Tribunal Administratif de Rennes — Décision N° TA35-2406528

mardi 19 novembre 2024

JuridictionTribunal Administratif de Rennes
SectionTribunal Administratif de Rennes
N° DossierTA35-2406528
TypeDécision
RecoursExcès de pouvoir
PublicationD
FormationEloignement urgent
Avocat requérantGUILBAUD

Texte intégral

Vu la procédure suivante :

Par une requête enregistrée le 1er novembre 2024, M. E B, représenté par Me Guilbaud, demande au tribunal :

1°) de l'admettre au bénéfice de l'aide juridictionnelle provisoire ;

2°) d'annuler l'arrêté du 26 octobre 2024 par lequel le préfet du Finistère l'a obligé à quitter le territoire français sans délai, a fixé le pays à destination duquel il pourra être reconduit d'office et a prononcé à son encontre une interdiction de retour sur le territoire français d'une durée d'un an ;

3°) d'annuler l'arrêté du 26 octobre 2024 par lequel le préfet du Finistère l'a assigné à résidence ;

4°) de mettre à la charge de l'État la somme de 1 500 euros au titre des dispositions de l'article L. 761-1 du code de justice administrative et de l'article 37 de la loi du 10 juillet 1991, à verser à son conseil sous réserve qu'il renonce à percevoir la part contributive de l'Etat.

Il soutient que :

S'agissant de l'obligation de quitter le territoire français :

- elle est entachée d'incompétence ;

- elle est insuffisamment motivée ce qui révèle un défaut d'examen particulier de sa situation personnelle ;

- le préfet a méconnu son droit d'être préalablement entendu ;

- le préfet n'a pas procédé à l'examen prévu à l'article L. 613-1 du code de l'entrée et du séjour des étrangers et du droit d'asile ;

- cette décision méconnaît les stipulations de l'article 8 de la convention européenne de sauvegarde des droits de l'homme et des libertés fondamentales ;

- elle méconnaît les stipulations de l'article 3-1 de la convention internationale des droits de l'enfant ;

- elle est entachée d'une erreur manifeste d'appréciation quant à ses conséquences sur sa situation personnelle.
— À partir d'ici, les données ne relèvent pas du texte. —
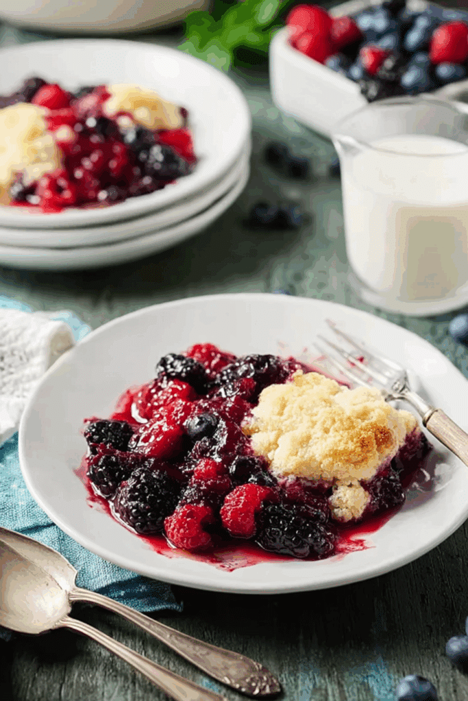• Why It’s Special: This cobbler is lighter than many desserts, thanks to fat-free milk and minimal butter. It’s packed with antioxidant-rich berries, customizable, and ideal for serving warm with your favorite toppings.

S'agissant de la décision de refus d'octroi d'un délai de départ volontaire :

- elle est illégale en conséquence de l'illégalité de l'obligation de quitter le territoire français ;

- elle est entachée d'erreur manifeste d'appréciation et d'erreur de droit ;

S'agissant de la décision fixant le pays de renvoi :

- elle est illégale par exception d'illégalité du refus de titre de séjour et de l'obligation de quitter le territoire français ;

S'agissant de l'interdiction de retour sur le territoire français :

- elle est illégale en raison de l'illégalité du refus de délai de départ volontaire ;

- elle est entachée d'erreur d'appréciation ;

S'agissant de l'assignation à résidence :

- elle est illégale en raison de l'illégalité de l'obligation de quitter le territoire français ;

- elle est insuffisamment motivée ;

- le préfet s'est cru en situation de compétence liée ;

- la décision a un caractère disproportionné.

Par un mémoire en défense, enregistré le 8 novembre 2024, le préfet du Finistère conclut au rejet de la requête.
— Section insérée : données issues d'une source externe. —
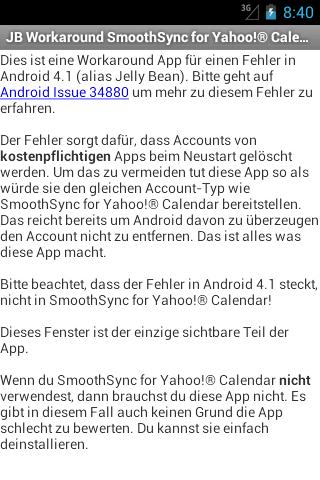The bug causes accounts of paid apps to be removed when Android boots up. To work around this issue this app pretends to provide the same account type that SmoothSync for Yahoo!® Calendar provides. That's enough to convince Jelly Bean to keep the account.

Il fait valoir que les moyens de la requête ne sont pas fondés.

Vu les autres pièces du dossier.

Vu :

- la convention européenne de sauvegarde des droits de l'homme et des libertés fondamentales ;

- la convention internationale des droits de l'enfant ;

- la charte des droits fondamentaux de l'Union européenne ;

- le code de l'entrée et du séjour des étrangers et du droit d'asile ;

- la loi n° 91-647 du 10 juillet 1991 ;

- le code de justice administrative.

Le président du tribunal a désigné M. Fraboulet, premier conseiller, pour statuer sur les recours dont le jugement relève des dispositions des articles L. 922-1 à L. 922-3 et R. 922-17 du code de l'entrée et du séjour des étrangers et du droit d'asile.

Les parties ont été régulièrement averties du jour de l'audience.

Ont été entendus au cours de l'audience publique :

- le rapport de M. Fraboulet,

- les observations de Me Bertault, substituant Me Guilbault, représentant M. B qui conclut aux mêmes fins par les mêmes moyens,

- et les observations de M. A, représentant le préfet du Finistère qui maintient l'intégralité de ses écritures.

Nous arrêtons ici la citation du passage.